Haptoglobin (Hp) is a glycoprotein synthetized by the liver sorting within α-2 globulins at serum electrophoresis. It has antioxidant and immunomodulatory properties [79] and acts as a scavenger by stably binding free serum circulating hemoglobin that is released by hemolysis or normal RBC turnover. A previous study shows that Hp is classified as an acute-phase protein, the serum expression levels of which are increased with inflammation, infection, and several cancers [80].

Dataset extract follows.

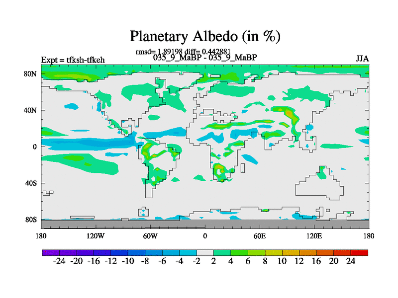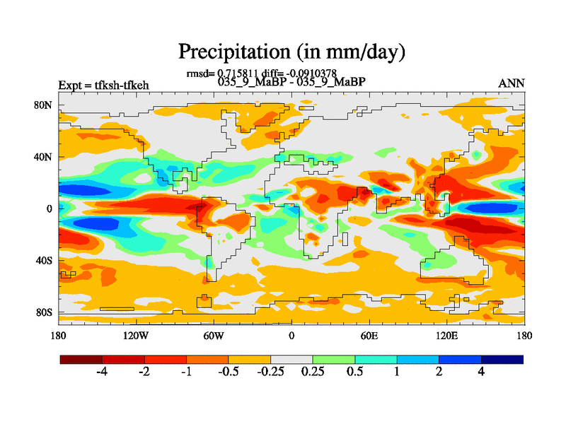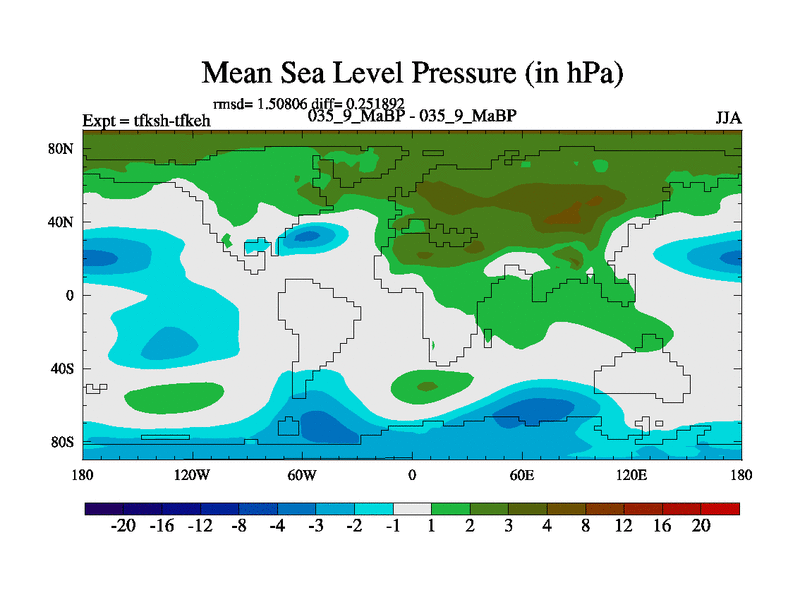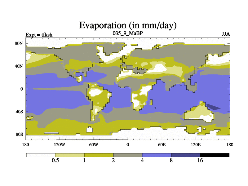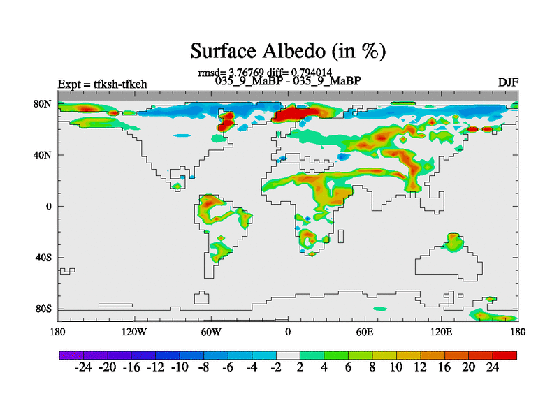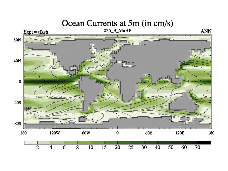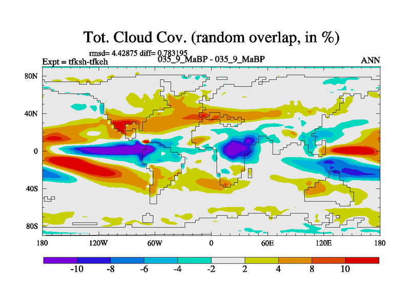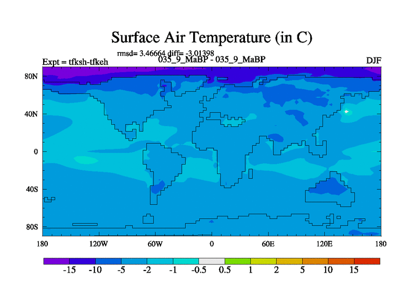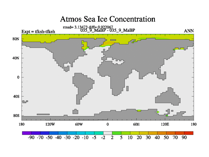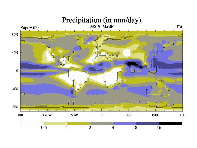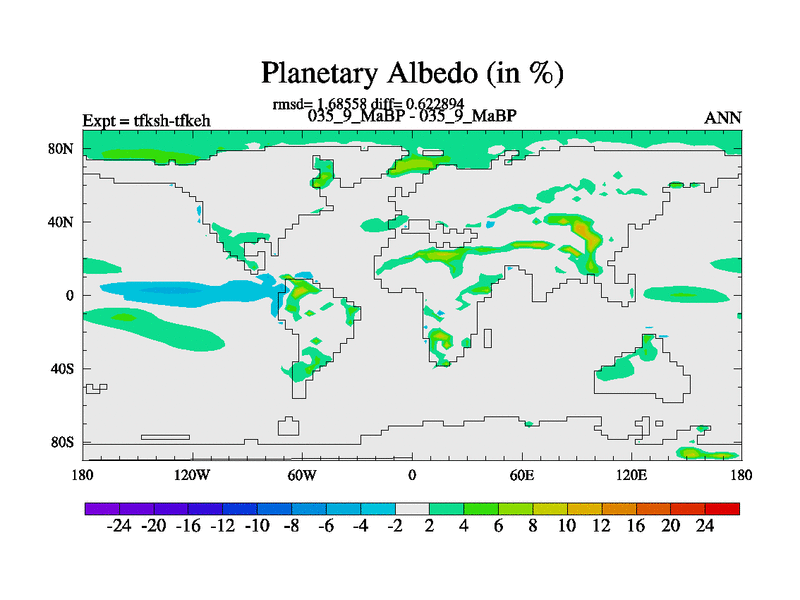This is the 35.9 Ma simulation using the Scotese palaeogeographies and revised CCN etc. This version has islands and smoothing and desert albedo included. Tuned CO2 to give Scotese temperatures. Started from end of tfkeh.

Kininogen-1 is a multifunctional protein that plays an important role in many pathophysiological processes [81], including fibrinolysis, thrombosis, and inflammation, and has a role in oncogenesis [82]. It was also demonstrated that kininogen-1 exhibits antiangiogenic properties and mediates inhibitory actions on the proliferation of endothelial cells [83]. Analyses of the urine proteome of patients with chronic pancreatitis [84] and interstitial cystitis [85] showed reduced KNG1 levels. It has been suggested that KNG1 is proteolyzed by neutrophils at inflammation sites. Lower levels of KNG1 are found in fibrosis/cirrhosis patients compared with non-fibrosis hepatitis C patients [86], indicating that KNG1 is directly related to the severity of impaired liver function.

Conclusions

In conclusion, the present study demonstrates that levels of CRP and fibrinogen-α are higher and levels of haptoglobin and kininogen-1 are lower in patients with IPF compared with those in healthy controls. CRP, fibrinogen-α chain, haptoglobin, and kininogen-1 may be useful candidate biomarkers for IPF. In addition, the present study provides an efficient approach for the differential analysis of IPF.